The District 97 Board of Education last week declined to chime in on the smoking ban controversy.

The board declined to take up a draft resolution that proclaimed that adults and children have the right to breathe smoke-free indoor air, as part of an effort to ban smoking in all workplaces in Oak Park.

The draft resolution was created after Dr. David Ansell and a seventh grade Brooks Middle School student urged the board at its Jan. 12 meeting to support the ban.

Smoking is already banned in all Dist. 97 facilities, and the board decided it would not be appropriate to take a position on an issue before the village board.

“It’s not our place to determine where in the village people can smoke,” said  board member Marcia Frank, who nevertheless proclaimed her hatred of smoking and noted that smoking-related cancers killed two of her grandparents.

“Our buildings are smoke-free,” said board member Michelle Harton. “I don’t see what [the village-wide resolution] accomplishes.”

Lunches will get better, Fagan says
In other business, Ellen Efron Pimentel, a mother of two Beye School students, complained to the board about the district’s hot lunch program.

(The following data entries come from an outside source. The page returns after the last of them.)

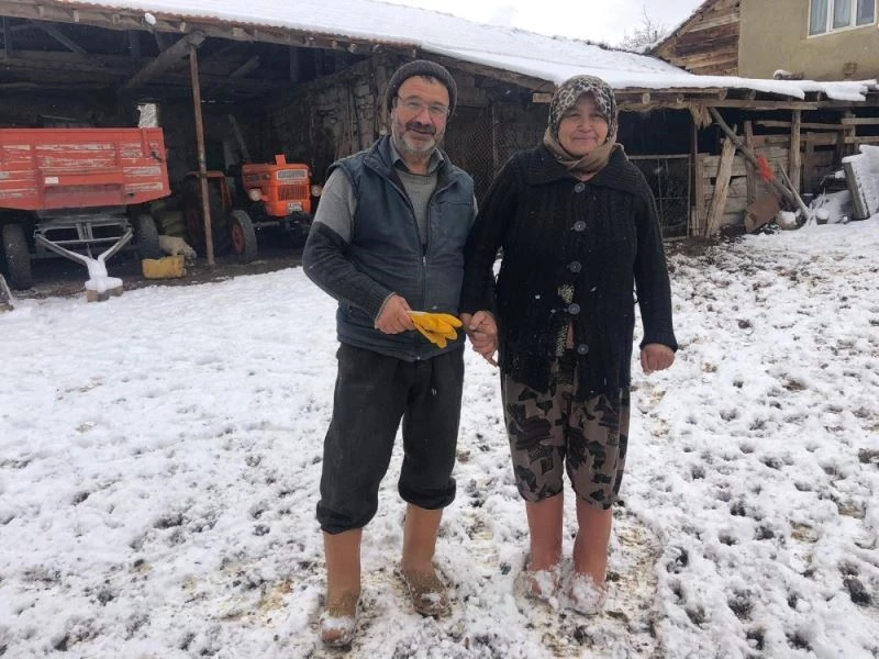 Geçimlerini küçükbaş hayvancılıkla sağlayan Meryem ve Ali Gürbüz çifti, zorlu kış şartlarında hayvanlarıyla iç içe yaşam mücadelesi veriyor.
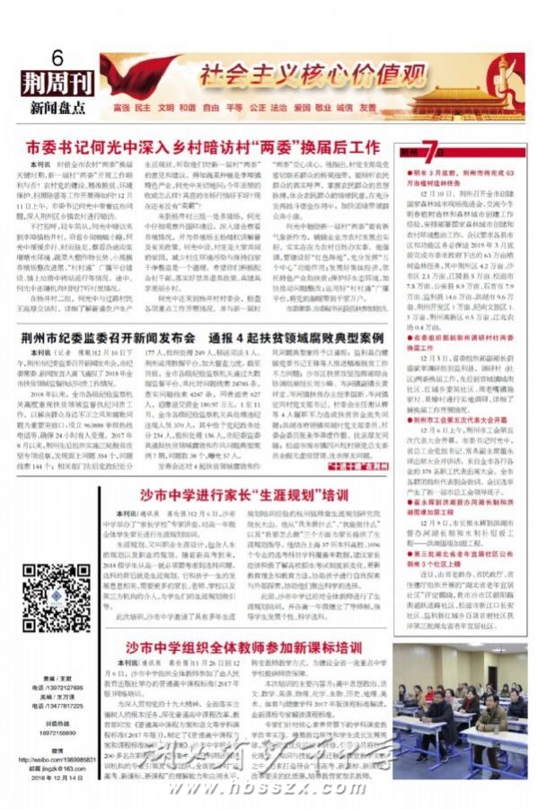 《荆周刊》2018年12月14日报道我校开办"生涯规划"家长讲座和组织教师学习新课标
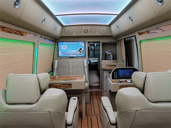 游艇柚木地板,防水防滑。车内还搭载了高效空气净化器,激光消毒器。电动百褶窗帘,很方便,A380空客顶灯、立柱彩灯和各种氛围灯交相辉映。我司二十余年专心为客户打造最舒适,最奢华的理想座驾,以专业的态度赢得良好的口碑,以真诚的服务让客户宾至如归。
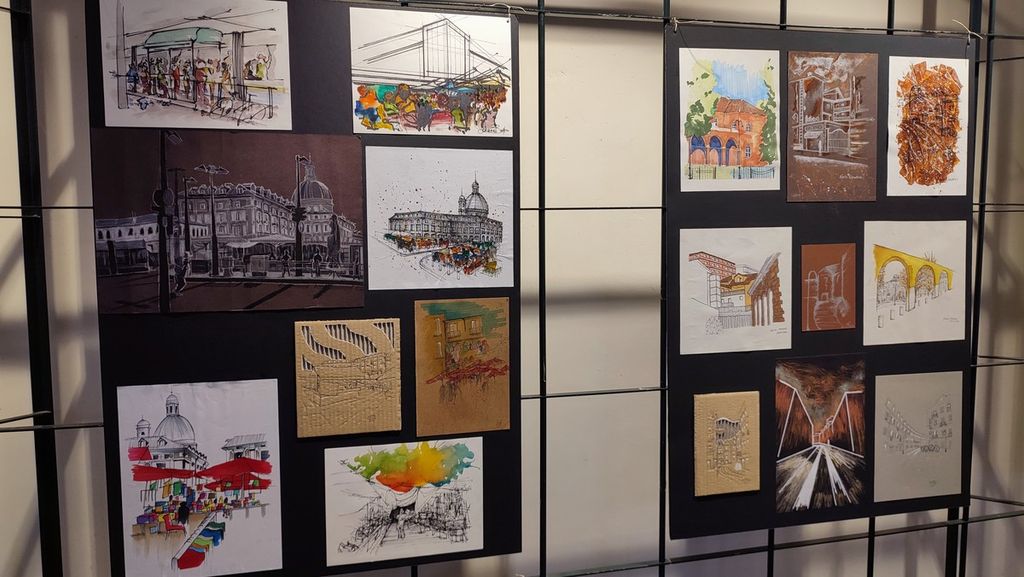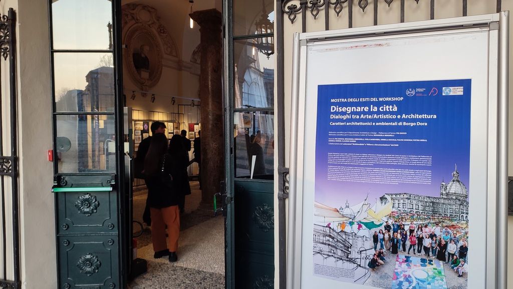 Per realizzare le opere, gli aspiranti artisti e gli aspiranti architetti hanno frequentato un apposito workshop intitolato, appunto, “Disegnare la città”: “Si tratta – hanno spiegato i docenti che hanno curato l'iniziativa – di un'esperienza che prosegue da diversi anni con l'obiettivo di far dialogare studenti di diverse realtà attraverso il disegno, in grado di trasformarsi in linguaggio espressivo per comunicare e trasmettere l'anima della città. Per 5 giorni, i ragazzi sono stati a Borgo Dora per respirarne l'atmosfera e riportarla dal vivo su carta, elaborando gli schizzi protagonisti della mostra in aula. A essere esposta, inoltre, è un'opera collettiva realizzata su tela come proposta di urbanismo tattico per creare un punto di riferimento visivo e un luogo di aggregazione senza costi sul quartiere”.
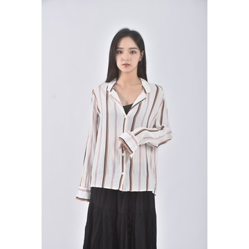 (S) 質感條紋杏色襯衫上衣
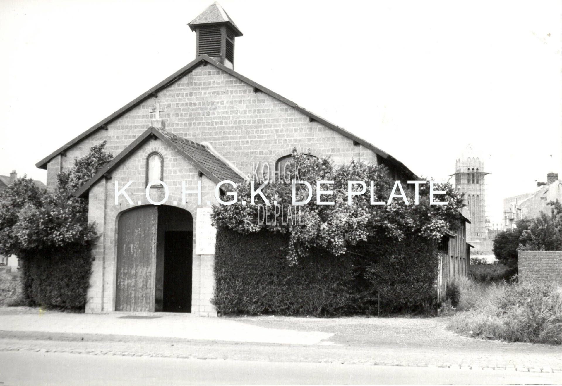 Fotrmaat : 12 x 17 cm. - Sint Raphaëlkerk Mariakerke. Het was een noodkerk gebouwd in 1919 en in gebruik genomen in maart 1920. De kerk was in gebruik tot juni 1959.
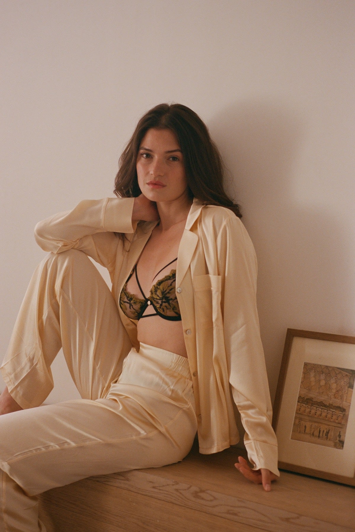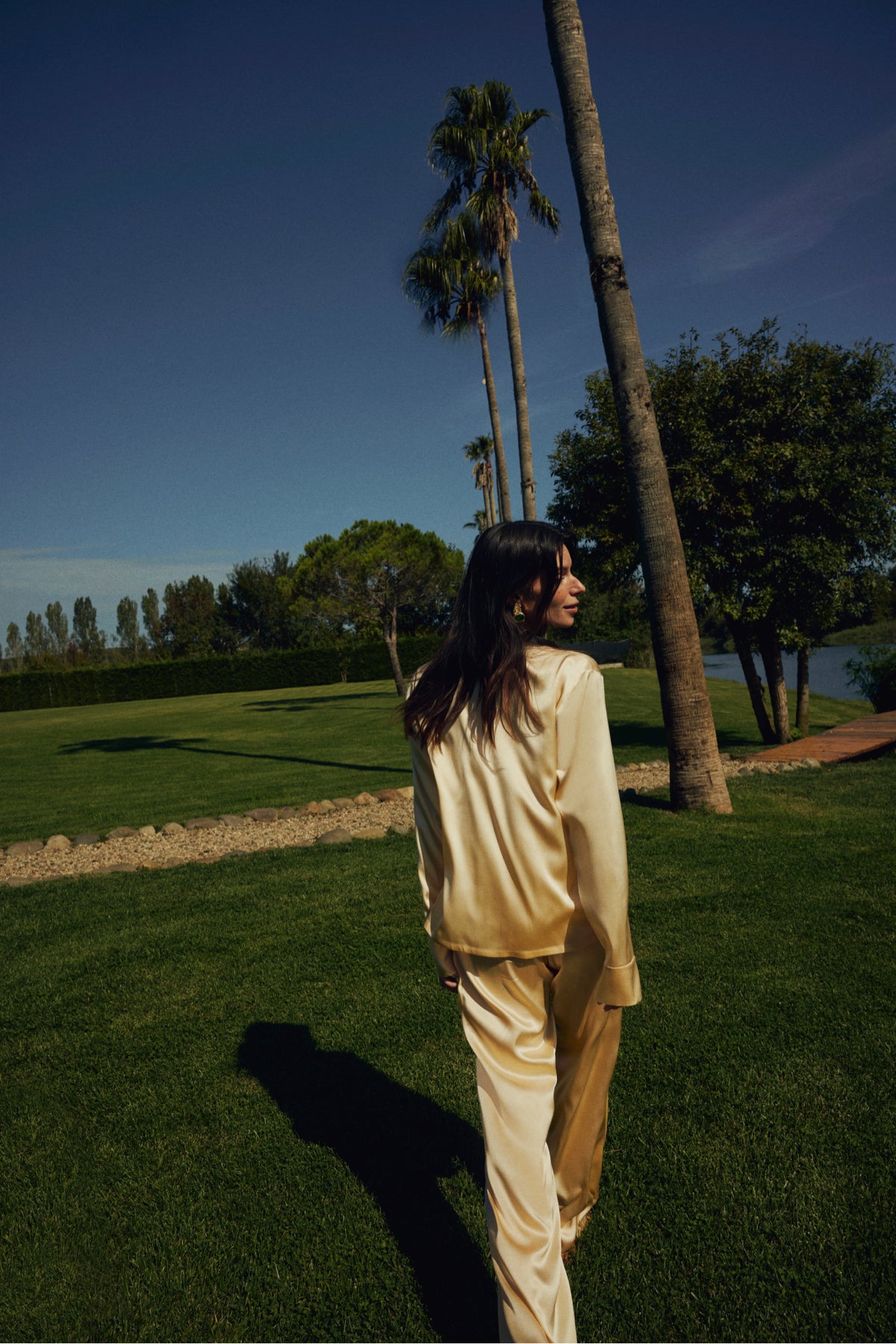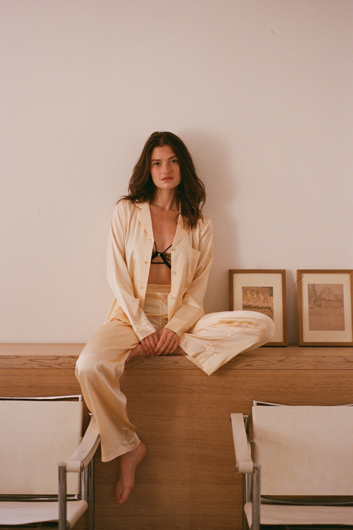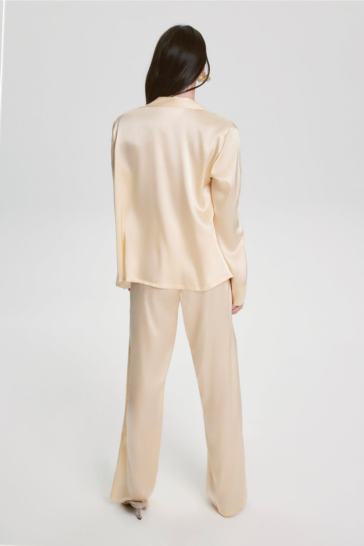 Our Luxurious Silk Pajama Set with its elegant, stylish and timeless lines! The luxurious silk long-sleeved Vanilla colored Pajama Set includes an image suitable for both your street and home style.

In May, Pimentel sent a letter to the board, signed by approximately 365 parents, teachers and a few students complaining about the lunches.

In the letter Pimentel described the district’s lunches as “unhealthy, unimaginative and far from the lessons about health and nutrition I teach my children.”

Superintendent John Fagan said that the district’s hot lunch contract for next year is coming up for bid and he expects improvement.

“We have been looking at our hot lunch program all year,” Fagan said. “We want kids to have nutritious lunches and we want lunches that kids will eat. I’m fairly confident that we will have some changes next year so that we can have more nutritious lunches.”

$2.7M bond sale approved
The board also approved the sale of short-term bonds to raise $2.7 million: $2 million to fund building repairs and improvements at Beye, Irving, Longfellow, Mann and Whittier schools, and $700,000 in operating revenue for the Education Fund.